Этому нет имени и оправданья. Я — свинья, что вовремя не ответил Вам. Да, кстати. Если за недосугом я не успею ответить А. Соколовскому2, записку и стихи которого мне передали как раз в тот день, когда я начал, было, это письмо к Вам, попросите у него, пожалуйста, от моего имени извиненья, что я оставил его просьбу без ответа, и передайте, что мне было приятно прочесть его тетрадку. У него, кажется, есть способности, — я постараюсь написать ему. Мне нравятся первые 4 странички его книжки и 6-я. Меньше 5-я и остальные. Пусть остерегается: позы, романтической приподнятости, рисовки, неточной рифмы, «балладности». В поэзии еще в большей степени хорошо только то, что хорошо в прозе: внимательное, спокойное и полновесное соответствие природе, то есть то, что называется реализмом.
Если я урву минуту, я напишу и его матери, Нине Павловне Саконской. Ей надо сказать следующее (эта сторона дела относится и к Вам): Брайнина3, к которой она обращается, уехала в Москву на один месяц и к середине ноября вернется. Я ни Вам, ни ей не отказал бы ни в какой командировке, я их подписал многим в Вашем положении, но половина возвращается с ними назад из Казани, откуда их не пускают дальше. В конверт с этим письмом я вложу несколько наших бланков. Я бы мог их подписать Вам без текста, предоставив его составление Вам или Нине Павловне. Но кто приложит печать к таким документам? Может быть Вы их составите своими силами для того, чтобы добраться до Казани? Там надо обратиться к секретарю татарского Союза Сов. Писателей Имамутдинову. Если я его увижу проездом (я завтра или послезавтра надеюсь выехать в Москву), я скажу ему о Вас и Саконской. И затем: мою подпись знают в Чистополе, но она ничто для Елабуги4.

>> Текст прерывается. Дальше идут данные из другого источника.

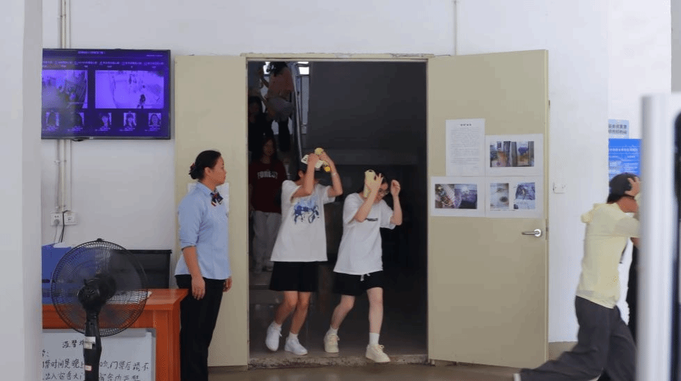 随着演练警铃响起,防震疏散演练正式开始。全体学生立即停止活动,就近在桌椅边、床边或内墙角处就地蹲下,原地等待广播疏散指令,真实模拟地震发生时的场景。各岗位值守的安全管理员和老师们紧急疏导,指挥学生有秩序出宿舍、教室,按照预定的应急疏散通道迅速、有序疏散撤离到空旷场地。安全到达目的地后,老师随即清点人数,报告到指挥处,整个疏散演练安全、快速、有序地完成,充分体现了学校师生对于安全问题的重视和团队协作的精神。

Я пишу Вам второпях, в вечер своих сборов5. Мне передали второе ваше письмо. Заявление (Ваше и Саконской) я отвезу в Москву. Спасибо Вам за память, за рассказ о себе и за добрые чувства. Отзываются о Вас неизменно так, как я привык о Вас слы-шать: как о человеке чрезвычайно талантливом и интересном, молодом, не унывающем. Для меня большою радостью было вновь услышать от других, особенно артистов театра, то, что мне знакомо по собственным ощущеньям6.
Мне больно, Мариечка, что я не могу быть Вам полезным в главном, что Вас теперь занимает: правовом оформлении Вашего переезда в Москву. На двух бумажках Вы найдете мою подпись. Что Вы с нею сделаете? Даже если Вы высадитесь в Чистополе с целью полученья печати под удостовереньем от Хохлова (уполномоченного Литфонда), он Вам в ней откажет, так как критически разбирает все, подписанное мною ввиду моей податливости7.

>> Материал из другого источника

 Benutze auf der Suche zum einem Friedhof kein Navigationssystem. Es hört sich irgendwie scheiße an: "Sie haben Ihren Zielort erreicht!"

Я совершенно не сказал Вам ничего из того, что собирался. Вы видите, я так тороплюсь (и перо царапает и цепляет бумагу), что не узнать моего почерка. Кланяйтесь Саконской и Соколовскому и позвольте поцеловать Вас. Ваш Б. П.
P. S. Напишите мне в Москву по адресу брата: Москва, Гоголевский бульвар 8, кв. 52, Александру Леонидовичу Пастернаку (он никуда не уезжал), для меня. Напишите, в каком состоянии могила Цветаевой. Есть ли на ней крест или камень или надпись или какой-нибудь отличительный знак?8 Далее: сообщите, пожалуйста, в Елабуге ли еще Мих. Леонид. Лозинский, и если да, то кланяйтесь ему, пожалуйста, от меня и сообщите его адрес, а если нет, напишите, куда он уехал. Простите за мазню, противно писать, не узнавая своей руки.
Впервые. — Автограф (собр. адресата).
1 М. П. Гонта просила Пастернака помочь ей получить разрешение вернуться в Москву.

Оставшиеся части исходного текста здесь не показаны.